Ewen Spence was another of the organizers, unmissable in his kilt. Check out his entry for details and links to other peoples' reactions, including plenty of pictures of rooms ful of geeks.
I enjoyed Danny's Life Hacks talk, which is supposedly going to eventually make its way onto a web site. This talk is basically "Habits of Highly Effective Unix Geeks", Danny has been reading lots of self help books of the organize yourself and get things done variety, and sent a survey to various prolific Unix hackers to find out how they organize themselves.
The social software panel was basically a bunch of guys doing stuff almost totally unrelated to social software, one guy basically plugged his Perl MVC framework (which could be used to build something like Orkut).
Music was a common themes, a lot of people were working on things related to distributing music.
The laptop distribution was interesting - Macs dominated, massively. There were probably about 80% Macs, 18% Linux, and 2% Windows, based on my eyeball survey. Dan was using a Mac which he had obviously moved to quite recently as he was fumbling around a good bit and taking shouted usage tips from the audience.

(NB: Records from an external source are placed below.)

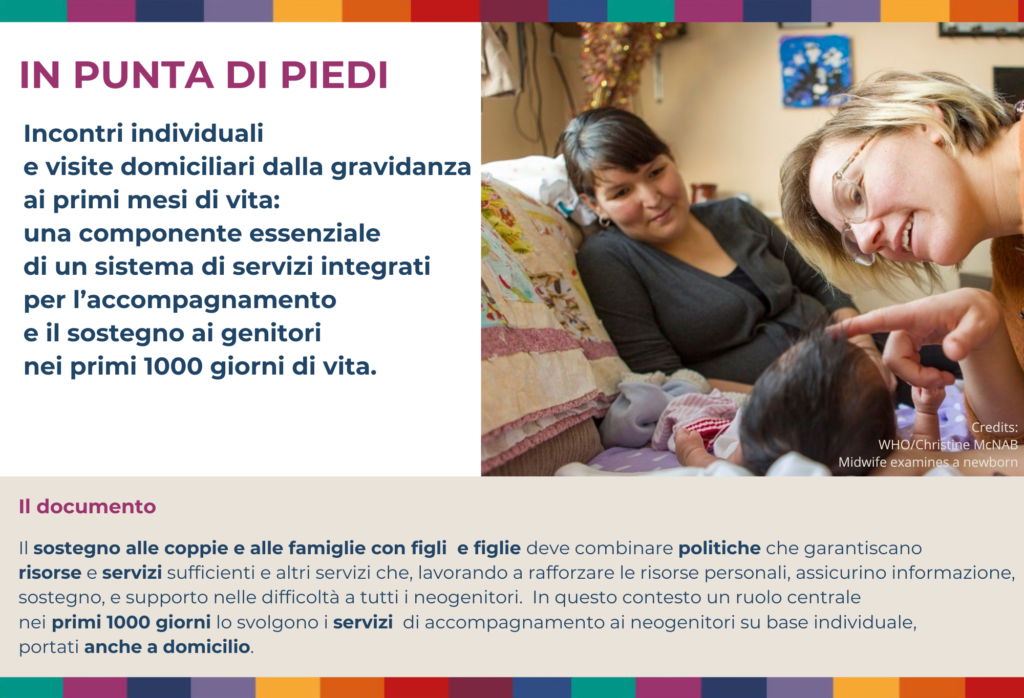 Il CSB ha coinvolto diverse figure professionali, servizi ed entità pubbliche e del Terzo Settore che si sono impegnate a offrire servizi basati su visite domiciliari in un lavoro di confronto tra esperienze, riesame della letteratura per lo sviluppo di “In punta di piedi” un documento di indirizzo che si colloca in una prospettiva di diventare un LEP(S) o parte di un LEP(S) sui primi 1000 giorni.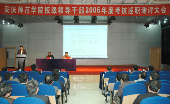 安徽省委教育工委考核组组长张裕全同志在会上作了重要讲话。他强调了高校领导干部年度考核的重要意义,并就年度考核的对象、内容、方法和步骤作了说明,提出了明确的要求和希望。他强调:一要坚持实事求是的原则,搞好述职述廉。二要按照科学发展观的要求,准确地评价干部。三要以严肃认真的态度,填写好有关表格。四要加强对年度考核工作的监督。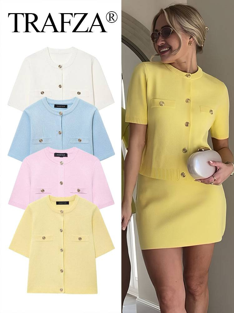Z春2025新商品女性半袖シンプルファッション百合ニットコート半身スカート1822022 1822023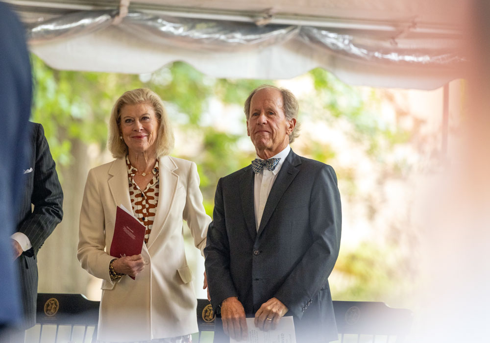 The official name, the McCausland College of Arts and Sciences, was announced on Wednesday (April 23) during a ceremony on the university’s historic Horseshoe. The name recognizes a transformational gift from Bonnie and Peter McCausland and The McCausland Foundation. Their gift will create one of the nation's premier career development programs for students in the liberal arts and sciences, expand research and teaching in neuroscience and brain health, and support faculty excellence.

Danny, Dave, and the other organizers do a lot of things to help people use the Net for political activism, and there was a good panel on that. There was a talk on "Stalking your MP", which was basically encouraging people to start a blog for your MP if they don't have one already, and use it to browbeat them into starting their own site. the Public Whip puts voting records online, and the big new unveiling was They Work For You. This parses the record of Parliamentary debates which is published as a big, nearly unusable text file, and basically links it up so it's searchable, linkable, cross-referenced, feedable, and can be commented on. A very cool use of technology to open up the political process.